Darwin est-il dangereux ?

Un article de Wikipédia, l'encyclopédie libre.

Darwin est-il dangereux ?
Nombre de pages 586
ISBN 978-0-684-80290-9

Darwin est-il dangereux ? L'évolution et le sens de la vie (en anglais Darwin's Dangerous Idea: Evolution and the Meanings of Life) est un livre du philosophe Daniel Dennett publié en 1995, dans lequel l'auteur examine certaines des répercussions de la théorie darwinienne.

Daniel Dennett y défend que la sélection naturelle est un processus aveugle, qui est néanmoins suffisamment puissant pour expliquer l'évolution de la vie. La découverte de Darwin était que la génération de la vie fonctionnait de manière algorithmique, que les processus derrière elle fonctionnaient de telle manière que, étant donné ces processus, les résultats vers lesquels ils tendent doivent l'être.

Ces affirmations ont suscité de nombreux débats et discussions dans le grand public. Le livre était finaliste pour le prix national du livre 1995 dans la non-fiction[1] et le prix 1996 Pulitzer pour la non-fiction générale[2].
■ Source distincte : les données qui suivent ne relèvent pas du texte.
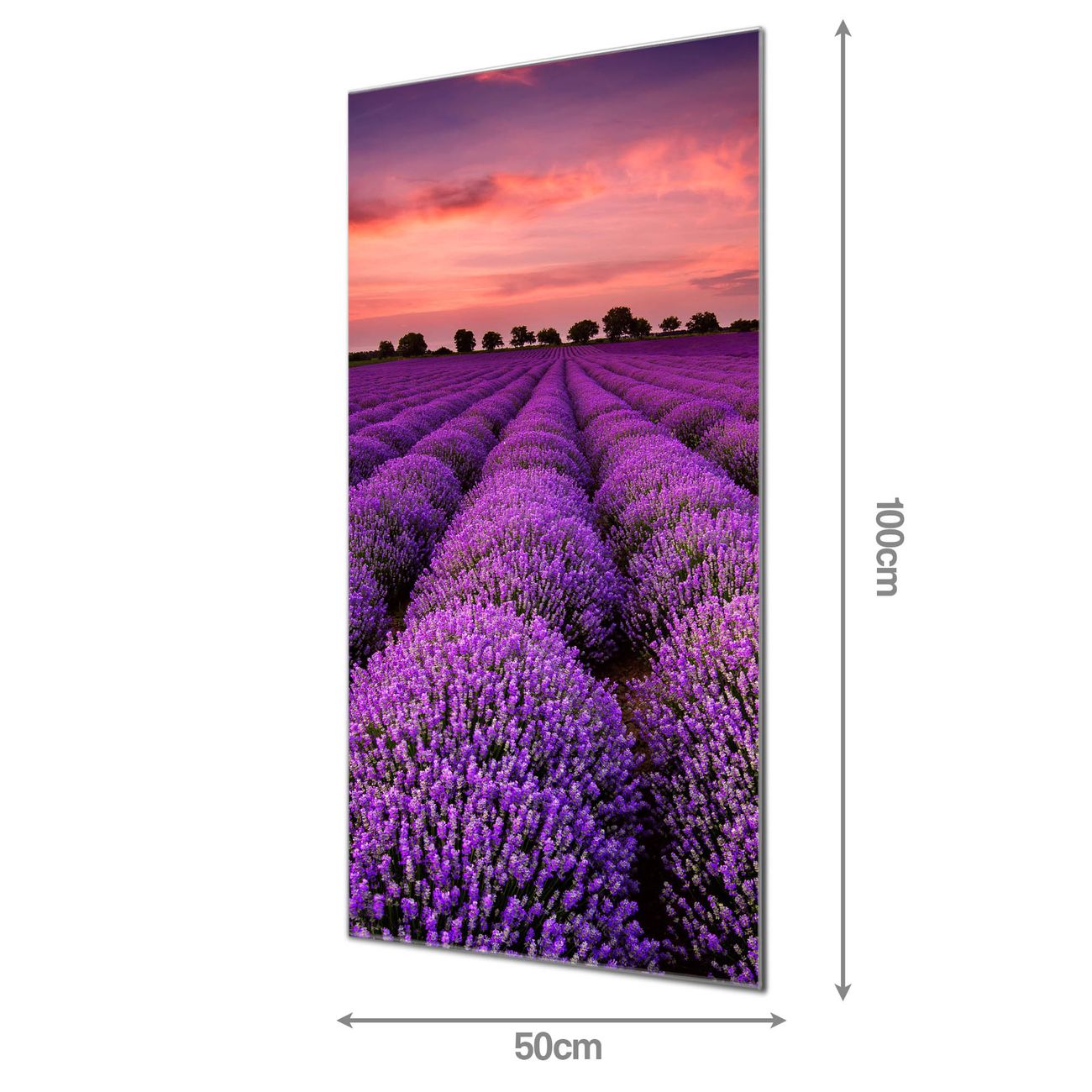 Material: 4mm Sicherheitsglas mit Metallrückwand Eigenschaften: beschreibbar, magnetisch, kratzfest Maße: 50x100x0,6cm, 7,50 kg schwer Motiv Nummer 12678 Lavendelfeld Zubehör: inklusive 4 Neodym-Magnete
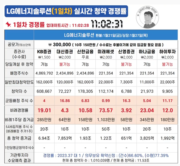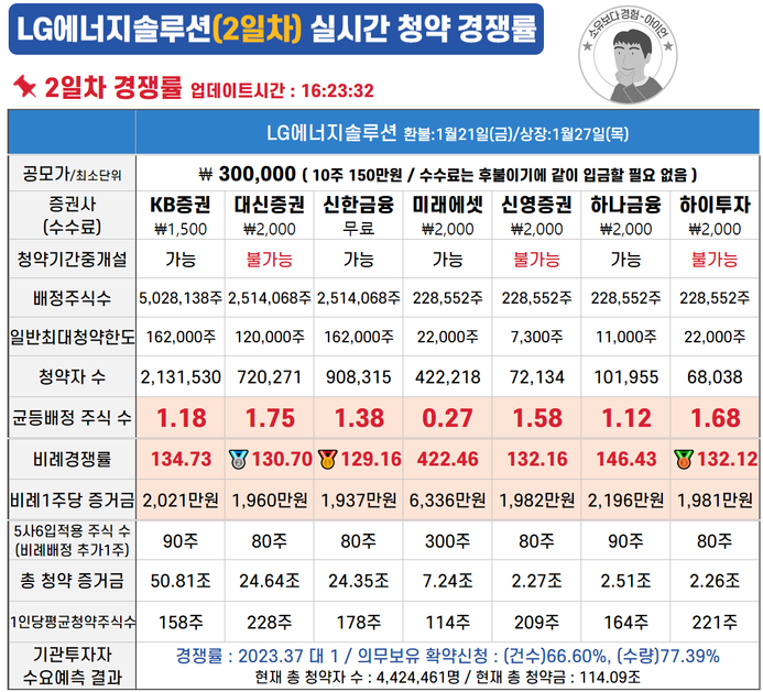 증거금은 최소 1계좌당 150만원 이상 준비한다. 경쟁률은 202337로 나타났고 공모가액은 기관투자자 모두 공모가 최고가액인 30만원을 적어냈습니다. Lg에너지솔루션 청약 경쟁률 우선 청약 첫날인 오늘 오후 1시 기준 일반 투자자 대상 청약 신청을 받는 7개 기관에 몰린 자금은 21조 원이 넘는다.

Contexte[modifier | modifier le code]

Le livre précédent de Daniel Dennett était La Conscience expliquée (1991). Il a noté l'inconfort avec le darwinisme non seulement chez les laïcs, mais aussi chez les universitaires et a décidé qu'il était temps d'écrire un livre traitant du sujet. Darwin est-il dangereux ? n'est pas censée être une œuvre scientifique, mais plutôt un livre interdisciplinaire ; Dennett admet qu'il ne comprend pas lui-même tous les détails scientifiques. Il entre dans un niveau de détail modéré, mais laisse au lecteur le soin d'approfondir s'il le souhaite, en fournissant des références à cette fin.

En écrivant le livre, Dennett voulait «amener les penseurs d'autres disciplines à prendre au sérieux la théorie évolutionniste, leur montrer comment ils l'ont sous-estimée et leur montrer pourquoi ils ont écouté les mauvaises sirènes». Pour ce faire, il raconte une histoire, principalement originale, mais qui comprend des éléments de son travail précédent.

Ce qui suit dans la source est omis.